## What you need to do
Transcribe, starting at the line with "沈丁花の花言葉は「栄光」や「不滅」。季節の変わり目を優雅に彩ってくれています。" and ending at the line with "G마켓은 12일부터 27일까지", every line of the material below exactly, but leave out the pictures and anything outside that span.

## Information given
_ _ _ _

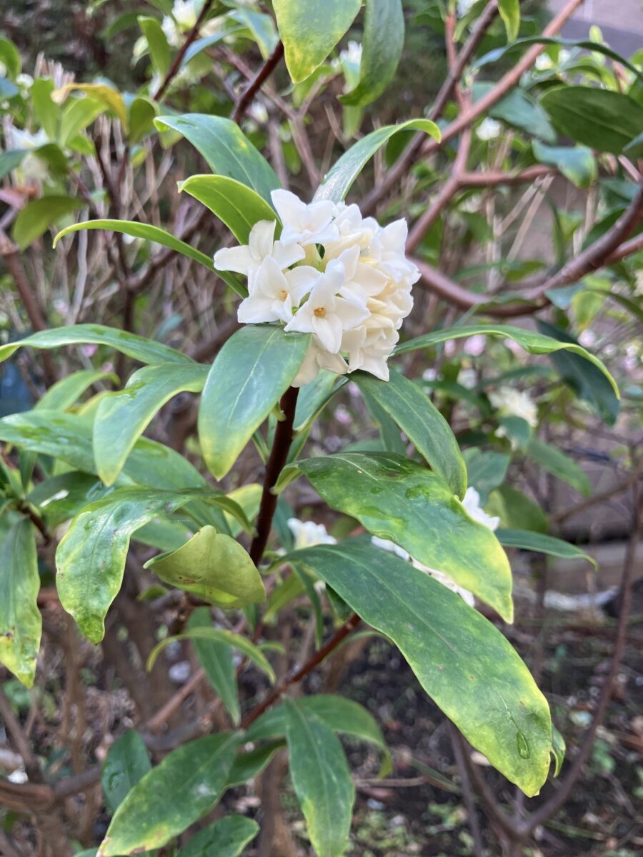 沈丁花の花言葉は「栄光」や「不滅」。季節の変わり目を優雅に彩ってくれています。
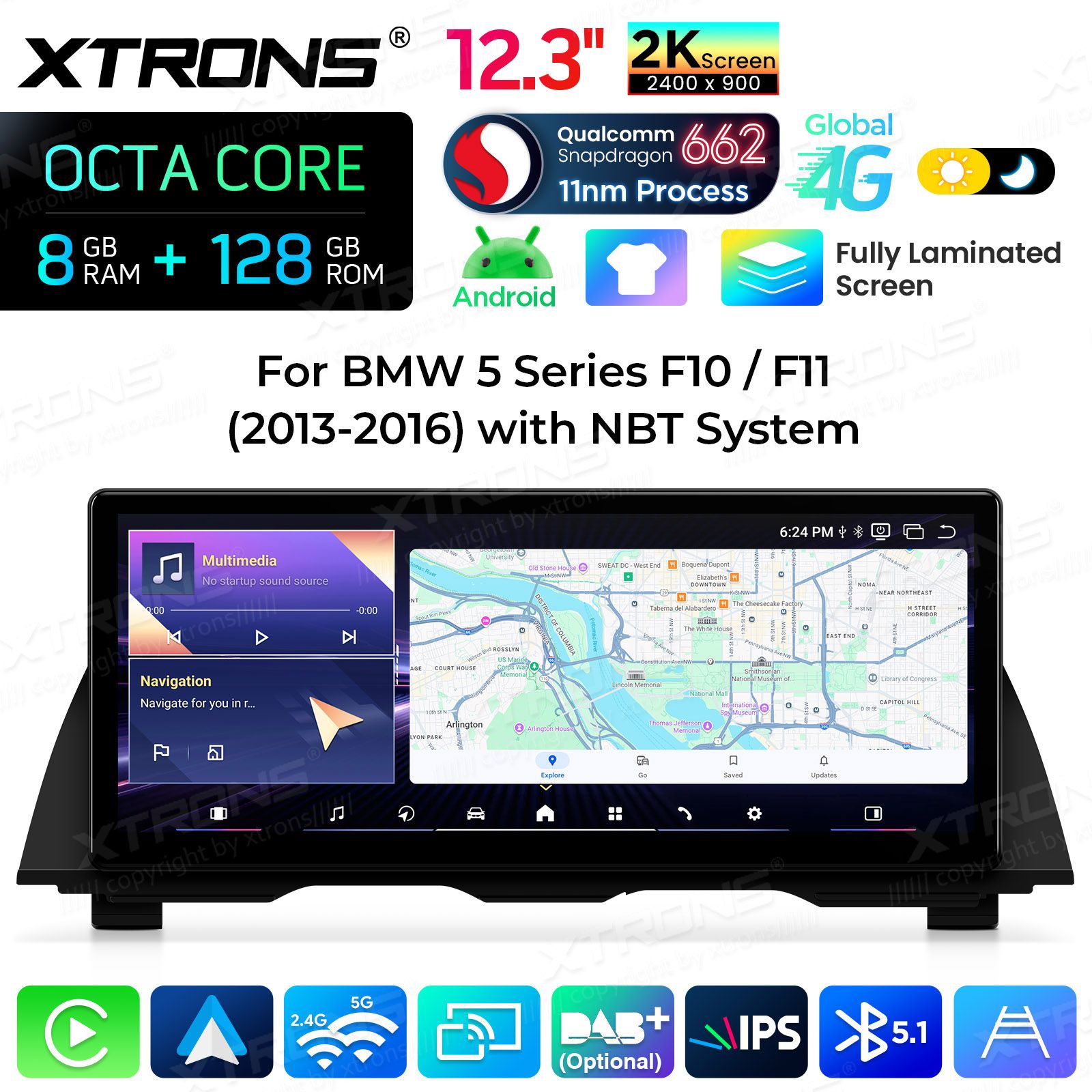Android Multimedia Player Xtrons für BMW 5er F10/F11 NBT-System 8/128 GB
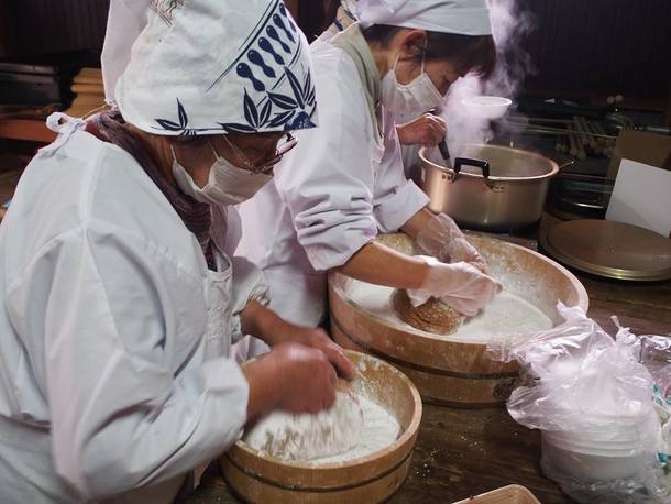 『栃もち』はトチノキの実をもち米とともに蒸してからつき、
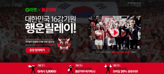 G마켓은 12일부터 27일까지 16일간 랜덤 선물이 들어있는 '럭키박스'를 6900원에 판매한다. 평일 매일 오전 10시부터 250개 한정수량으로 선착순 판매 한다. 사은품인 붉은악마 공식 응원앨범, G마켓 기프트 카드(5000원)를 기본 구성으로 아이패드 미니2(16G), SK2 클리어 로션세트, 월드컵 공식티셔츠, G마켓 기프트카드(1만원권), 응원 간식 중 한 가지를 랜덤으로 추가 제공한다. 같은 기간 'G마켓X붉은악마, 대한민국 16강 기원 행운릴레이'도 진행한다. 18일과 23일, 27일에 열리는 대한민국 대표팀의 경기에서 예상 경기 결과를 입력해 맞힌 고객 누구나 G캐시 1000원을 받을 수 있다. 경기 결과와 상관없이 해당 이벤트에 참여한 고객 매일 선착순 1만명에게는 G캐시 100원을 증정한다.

_ _ _ _

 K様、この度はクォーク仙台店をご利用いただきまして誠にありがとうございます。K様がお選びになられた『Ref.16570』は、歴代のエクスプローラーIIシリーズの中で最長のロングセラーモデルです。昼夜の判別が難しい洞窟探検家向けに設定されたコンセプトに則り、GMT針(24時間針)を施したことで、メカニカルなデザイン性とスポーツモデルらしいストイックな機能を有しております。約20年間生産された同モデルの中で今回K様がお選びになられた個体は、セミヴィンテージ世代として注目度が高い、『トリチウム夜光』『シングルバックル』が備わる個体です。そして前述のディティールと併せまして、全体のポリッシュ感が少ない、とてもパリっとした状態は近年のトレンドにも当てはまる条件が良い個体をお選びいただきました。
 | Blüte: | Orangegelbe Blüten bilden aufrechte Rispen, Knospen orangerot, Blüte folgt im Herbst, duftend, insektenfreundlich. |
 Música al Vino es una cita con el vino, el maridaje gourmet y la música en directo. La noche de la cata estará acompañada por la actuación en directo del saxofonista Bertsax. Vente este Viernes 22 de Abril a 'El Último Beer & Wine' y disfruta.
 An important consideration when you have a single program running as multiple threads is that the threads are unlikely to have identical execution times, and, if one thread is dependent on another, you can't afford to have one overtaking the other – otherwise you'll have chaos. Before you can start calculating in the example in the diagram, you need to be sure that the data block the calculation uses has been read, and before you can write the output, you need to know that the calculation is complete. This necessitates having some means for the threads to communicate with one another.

_ _ _ _

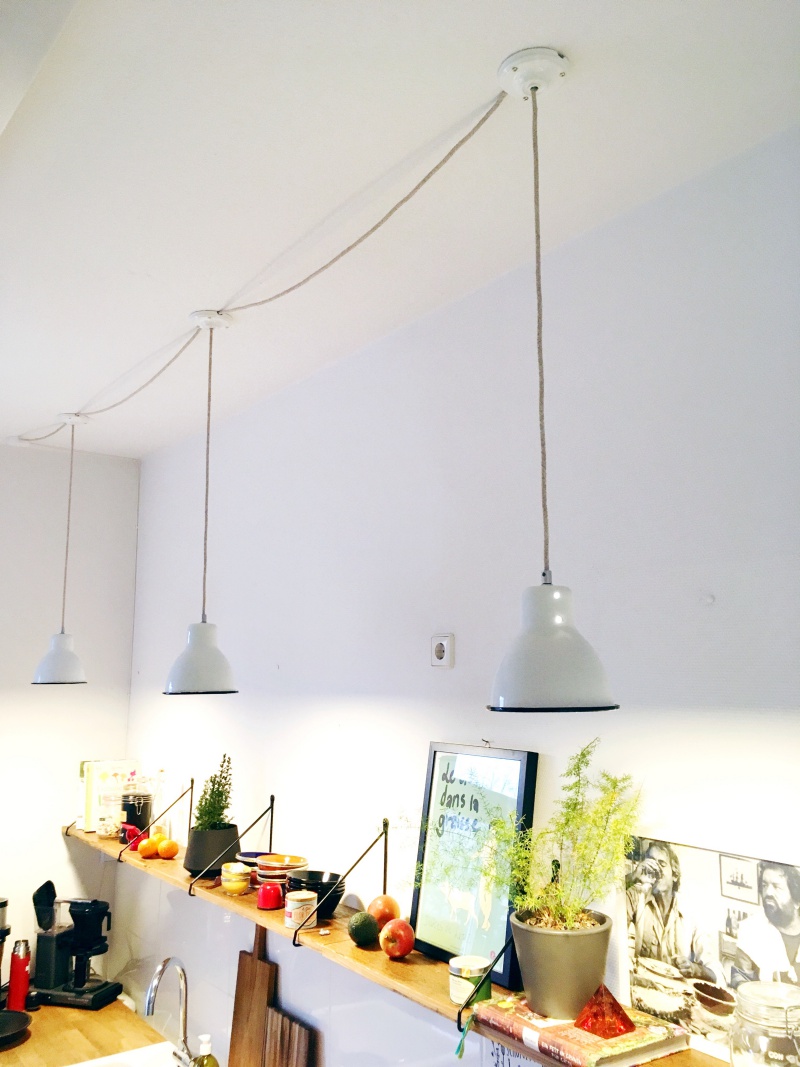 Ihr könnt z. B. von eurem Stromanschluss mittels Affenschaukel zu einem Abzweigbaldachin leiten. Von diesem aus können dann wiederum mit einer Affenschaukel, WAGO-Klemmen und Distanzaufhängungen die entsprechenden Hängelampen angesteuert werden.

_ _ _ _

## Task response
 沈丁花の花言葉は「栄光」や「不滅」。季節の変わり目を優雅に彩ってくれています。
Android Multimedia Player Xtrons für BMW 5er F10/F11 NBT-System 8/128 GB
 『栃もち』はトチノキの実をもち米とともに蒸してからつき、
 G마켓은 12일부터 27일까지 16일간 랜덤 선물이 들어있는 '럭키박스'를 6900원에 판매한다. 평일 매일 오전 10시부터 250개 한정수량으로 선착순 판매 한다. 사은품인 붉은악마 공식 응원앨범, G마켓 기프트 카드(5000원)를 기본 구성으로 아이패드 미니2(16G), SK2 클리어 로션세트, 월드컵 공식티셔츠, G마켓 기프트카드(1만원권), 응원 간식 중 한 가지를 랜덤으로 추가 제공한다. 같은 기간 'G마켓X붉은악마, 대한민국 16강 기원 행운릴레이'도 진행한다. 18일과 23일, 27일에 열리는 대한민국 대표팀의 경기에서 예상 경기 결과를 입력해 맞힌 고객 누구나 G캐시 1000원을 받을 수 있다. 경기 결과와 상관없이 해당 이벤트에 참여한 고객 매일 선착순 1만명에게는 G캐시 100원을 증정한다.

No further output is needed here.